Cuba seeks oil near (FL)Keys (that would benefit China)(FLASHBACK May, 2006)
Few Americans paid much attention last year when Cuban President Fidel Castro announced China would help explore potentially large oil reserves off Cuba's northwest coast - not far from the Florida Keys.
But now - with gas prices climbing above $3 a gallon - the prospect of China drilling near the United States has become a hot political issue as two of the world's largest economies vie for new sources of energy.
Some members of Congress warn that China and other countries could lock up oil supplies at a time when U.S. companies are barred from doing business with Cuba because of a 43-year-old trade embargo.
"We sit here watching China exploit a valuable energy resource within eyesight of the U.S. coast,'' said. Sen. Larry Craig, an Idaho Republican.
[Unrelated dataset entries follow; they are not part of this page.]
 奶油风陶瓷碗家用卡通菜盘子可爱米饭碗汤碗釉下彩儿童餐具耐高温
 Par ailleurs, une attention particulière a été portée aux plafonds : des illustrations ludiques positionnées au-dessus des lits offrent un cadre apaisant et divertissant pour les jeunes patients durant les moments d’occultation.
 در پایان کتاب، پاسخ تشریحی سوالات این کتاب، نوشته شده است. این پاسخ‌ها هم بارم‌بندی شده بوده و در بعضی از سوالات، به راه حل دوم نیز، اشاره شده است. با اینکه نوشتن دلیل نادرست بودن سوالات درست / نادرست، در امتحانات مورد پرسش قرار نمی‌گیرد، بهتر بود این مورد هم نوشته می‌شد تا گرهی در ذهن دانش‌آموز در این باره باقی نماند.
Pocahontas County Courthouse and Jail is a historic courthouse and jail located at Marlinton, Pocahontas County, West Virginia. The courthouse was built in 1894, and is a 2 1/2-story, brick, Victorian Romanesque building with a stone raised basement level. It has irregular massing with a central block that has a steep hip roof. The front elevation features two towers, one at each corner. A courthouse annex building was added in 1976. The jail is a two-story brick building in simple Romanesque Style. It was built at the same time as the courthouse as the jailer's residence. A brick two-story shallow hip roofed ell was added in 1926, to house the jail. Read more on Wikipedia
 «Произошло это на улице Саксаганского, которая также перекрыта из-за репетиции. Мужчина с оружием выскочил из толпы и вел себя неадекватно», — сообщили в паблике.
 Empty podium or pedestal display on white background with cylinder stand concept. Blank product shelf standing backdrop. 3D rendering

"I think the American public would be shocked - as this country is trying to reduce dependence on Middle East oil - that countries like China are realizing this energy resource.''
But Sen. Bill Nelson of Florida, worried that a Cuban oil spill could hurt the state's environment and $50-billion tourism industry, wants to block drilling in Cuba's northern waters.
"Any oil spill 45 miles from Key West is going to absolutely devastate all those delicate coral reefs, the fragile Florida Keys, and would endanger pristine beaches all the way up to Fort Pierce,'' said Nelson, a Democrat.
Cuba pumps about 80,000 barrels of oil a day in Havana and Matanzas provinces, but it is of poor quality and meets less than half of the country's needs.